Q What could 2020 hold for Chinese equities?
Geopolitical and macro noise surrounding the asset class in 2019 is likely to persist in 2020, as these headwinds continue. This has driven some short-term volatility in Chinese equities, but when looking at the year so far the MSCI China Index is up 7.6%, while the MSCI China A Onshore Index is up 24.6%.1
This is despite a backdrop of disappointing economic data, such as exports and industrial production figures. Looking forward to 2020, however, we can already see some signs of the economy bottoming out. Manufacturing data, for example, incrementally improved in September. Investors can also feel some reassurance that globally central banks are easing. In China, we are seeing selective easing, both on the monetary and fiscal side, but in a very controlled manner.
Q What are the fundamentals indicating for Chinese equities?
When looking at the two countries engaged in a trade war, they have something in common. Taking into account first-half earnings and the run rate globally,2 both the US and China stand out as being ahead of run rate. This feels counter-intuitive, but highlights the fact that China isn’t significantly dependent on exports, both from a domestic economic growth and corporate earnings perspective.

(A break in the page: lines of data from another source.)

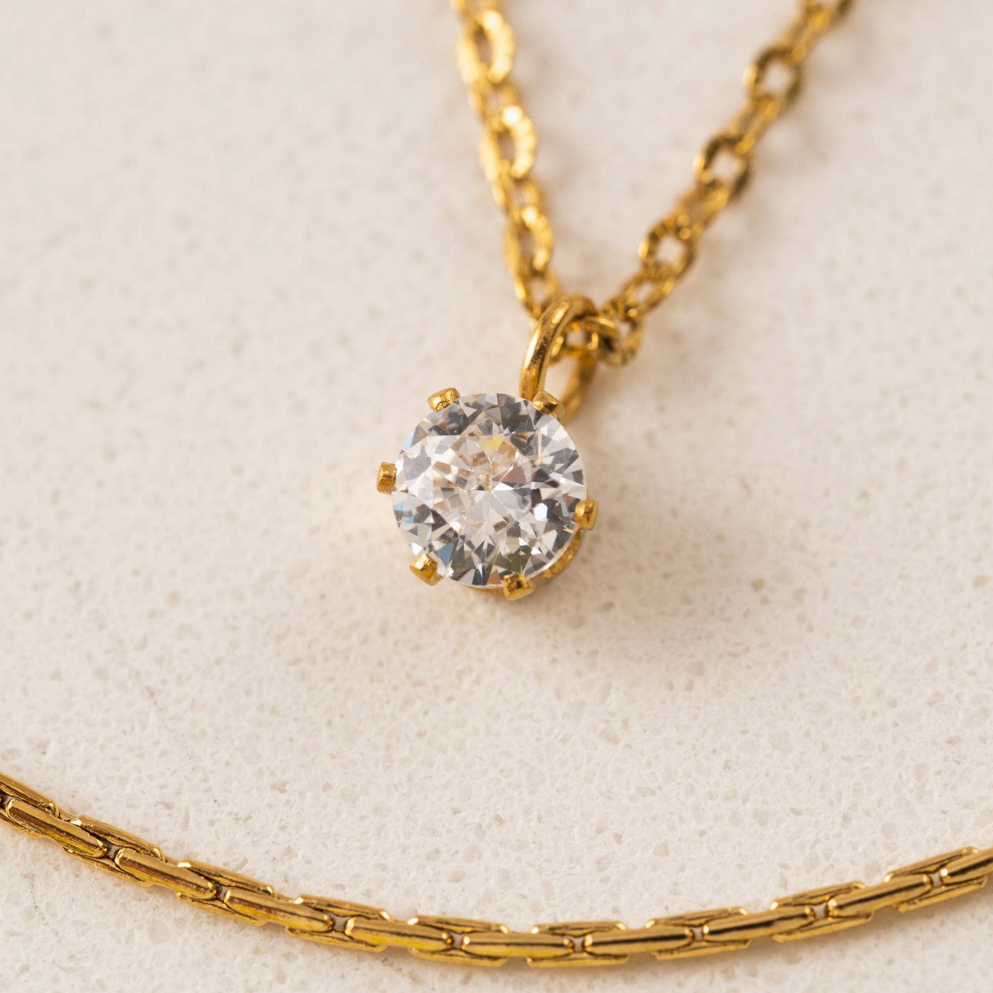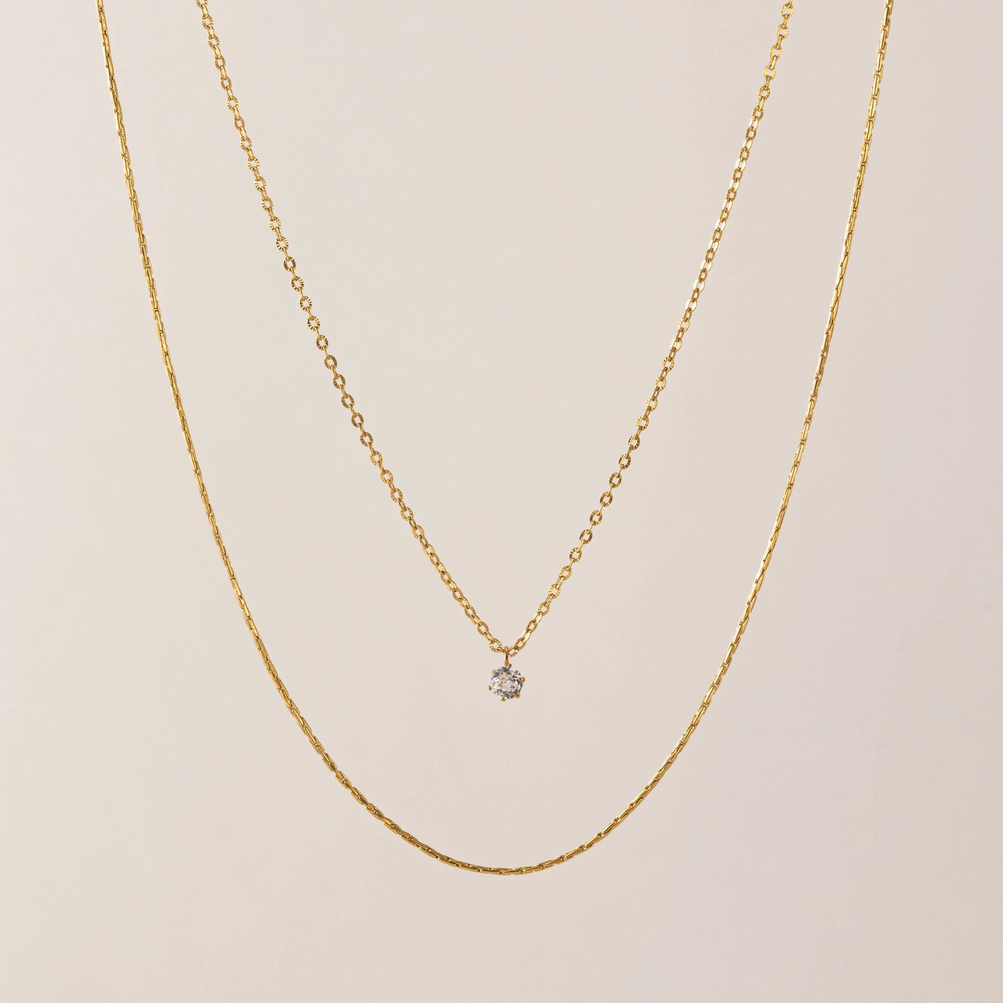 Elegant enough for everyday wear, but with a touch of luxe. This delicate layered chain necklace features a single cubic zirconia pendant, adding just the right amount of sparkle to any outfit. Brilliant cubic zirconias set in sleek stainless steel & 18K Gold-PVD.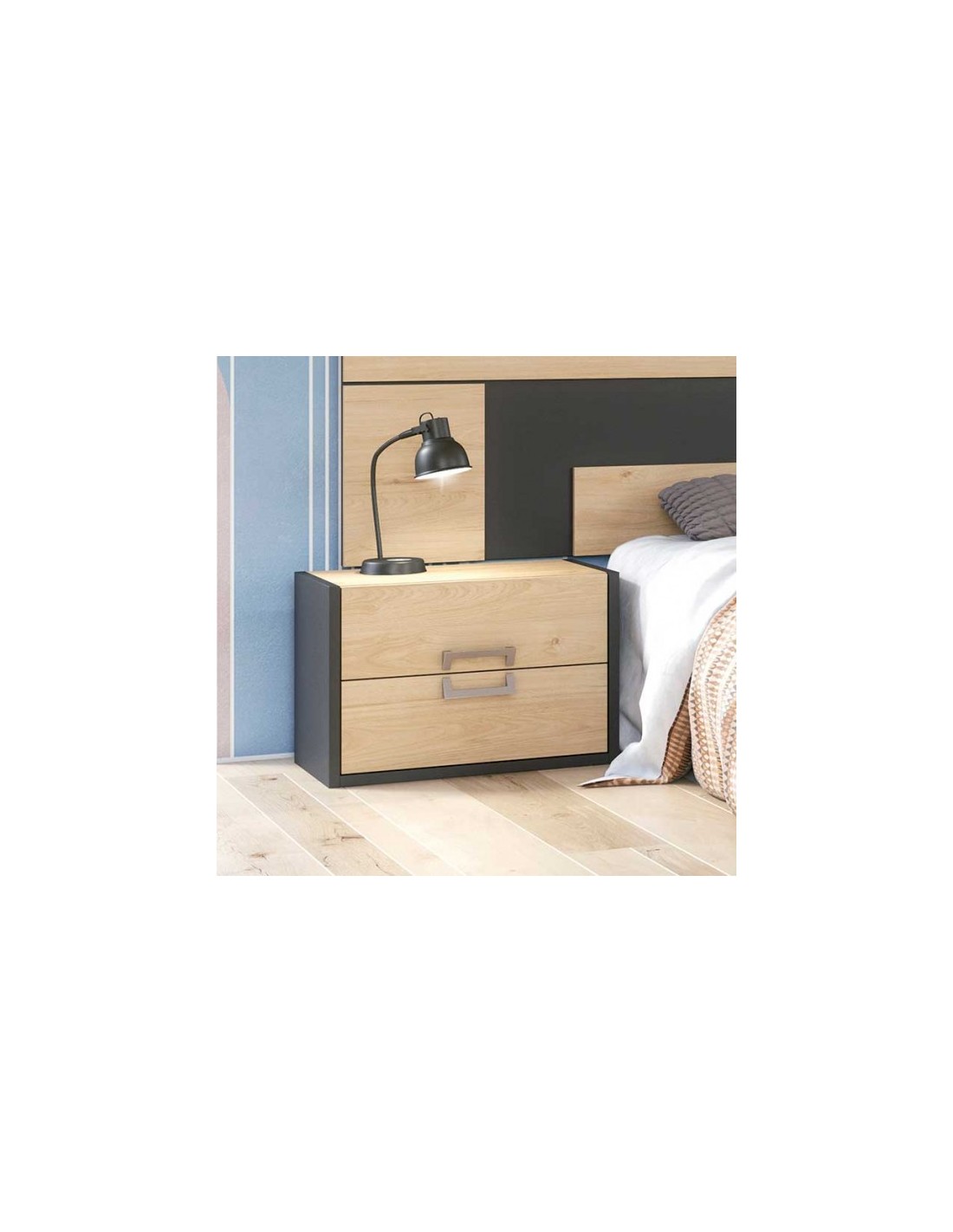 Mesita de noche de diseño moderno en color roble y grafito con tiradores metálicos elegantes. Su diseño moderno de una calidad sin precedentes aportará a tu dormitorio ese estilo que buscas.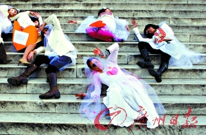 11月20日,一群女子在羅馬一廣場穿著帶血點的結婚禮服抗議家庭暴力。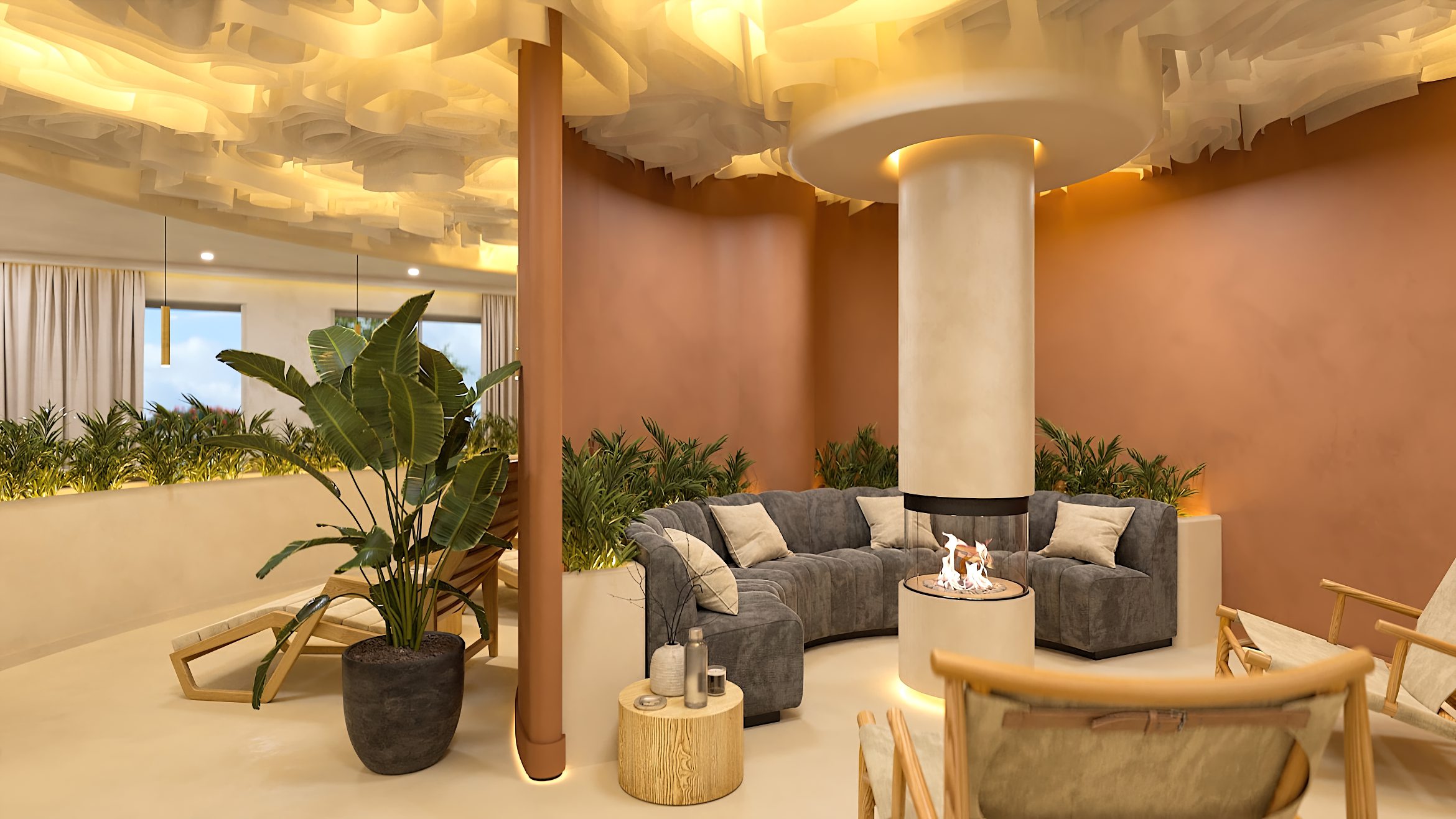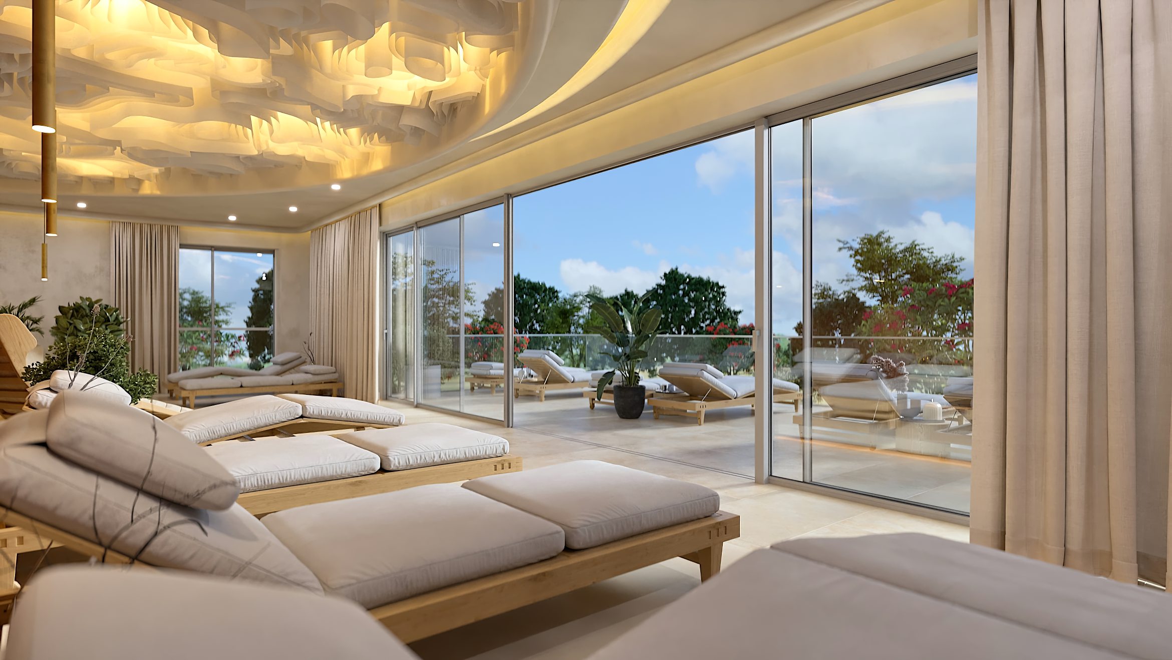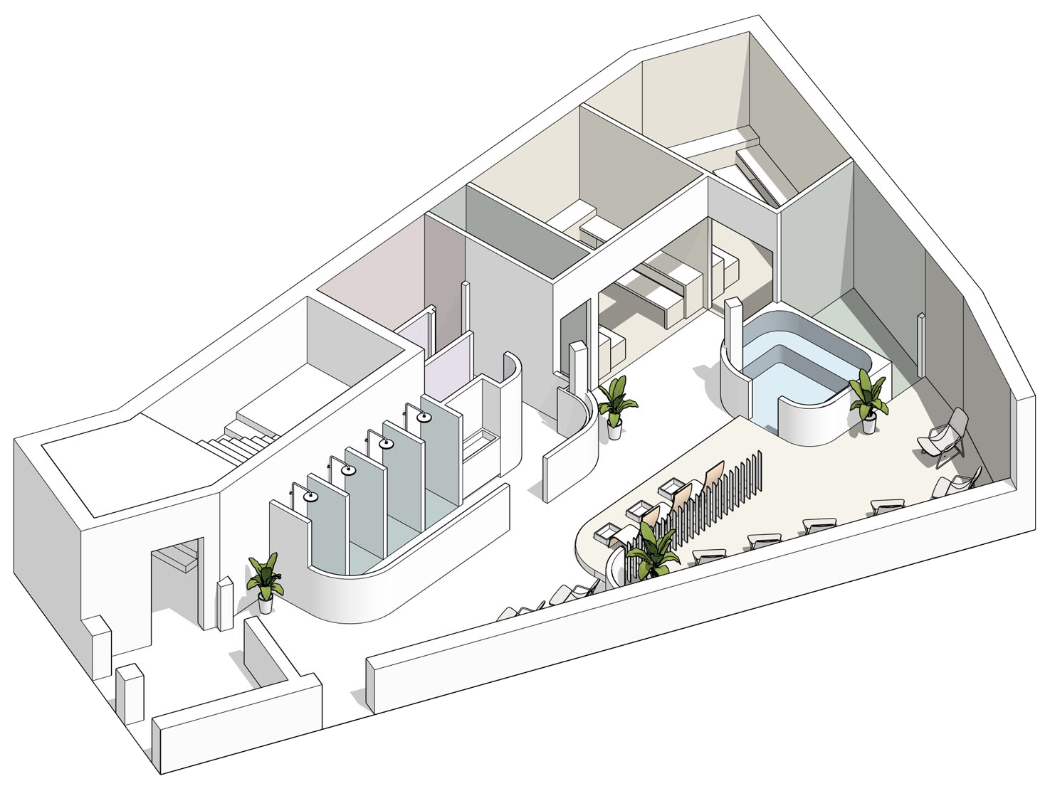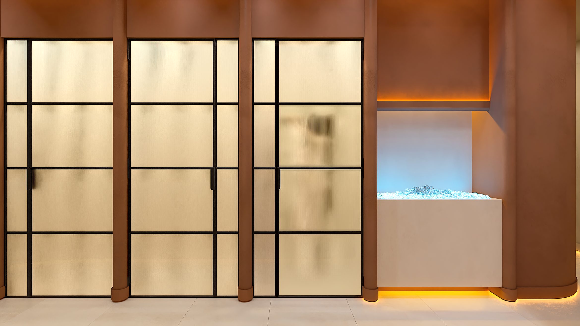 Die Formgebung des Raumes unterstreicht seinen umhüllenden Charakter. Abgerundete Linien, sanfte Kurven und fließende Übergänge in der Architektur und in der Inneneinrichtung erzeugen ein Gefühl von Geborgenheit und Harmonie und helfen den Gästen des SPA-Zentrums, sich vollständig in die Atmosphäre der Entspannung einzufinden.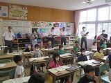 5名の交通安全協会の方においでいただき、交通安全教室を行いました。1・2年生は、道路の安全な歩き方や横断歩道のわたり方を、3~6年生は、自転車の安全な乗り方を学びました。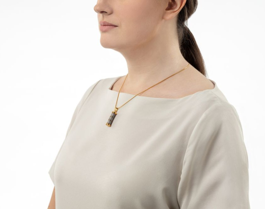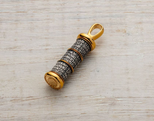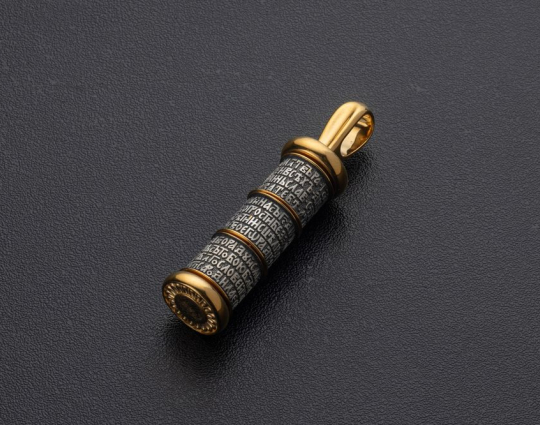 Подвеска выполнена из серебра 925 пробы с позолотой. На поверхности изделия размещены слова молитвы к Богородице, Пресвятой Троице и Предначинательной молитвы.
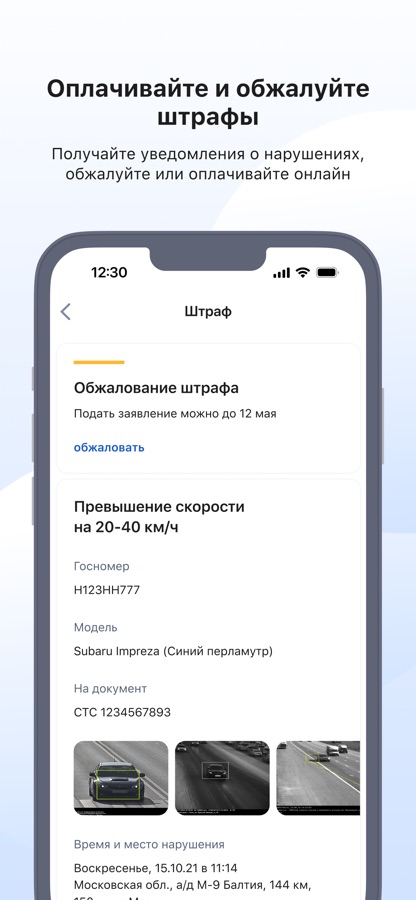 Получайте уведомления о новых штрафах, просматривайте детальную информацию, оплачивайте из приложения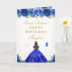 This elegant and glamourous sweet sixteen birthday card can be personalised with a name or title such as daughter, granddaughter, niece, friend etc. The design features a beautiful princess with brunette hair and fair skin in a royal blue ball gown. The text combines handwritten script and modern sans serif fonts for a classy and sophisticated look. The floral arrangements, butterflies and gold confetti create the perfect blend of rustic and chic.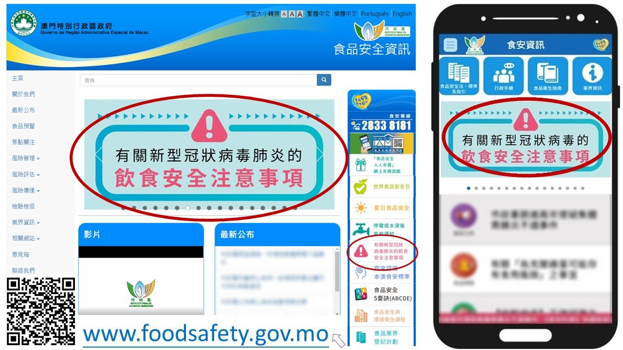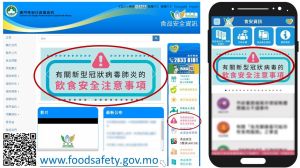 食安資訊網設有「有關新型冠狀病毒的飲食安全注意事項」專頁

Companies have been reporting better-than-expected earnings for two consecutive quarters now. Where there have been downgrades, the pace of these has slowed. Moreover, valuations are quite cheap and trading below their long-term average. The market is trading at around 12.9 times on a price-to-earnings basis on this year’s earnings and 11 times on next year’s.
Q Where are you finding opportunities in Chinese equities?
Accessing long-term structural trends like the ongoing premiumisation enacted by the Chinese consumer. The evolving middle class is expanding, with incomes growing at around 5% to 6% annually. The consumer is upgrading to more premium products and brands, while there is also a big shift to domestic Chinese brands. This enables companies in the consumer staples and discretionary sectors to earn higher margins on such products or brands.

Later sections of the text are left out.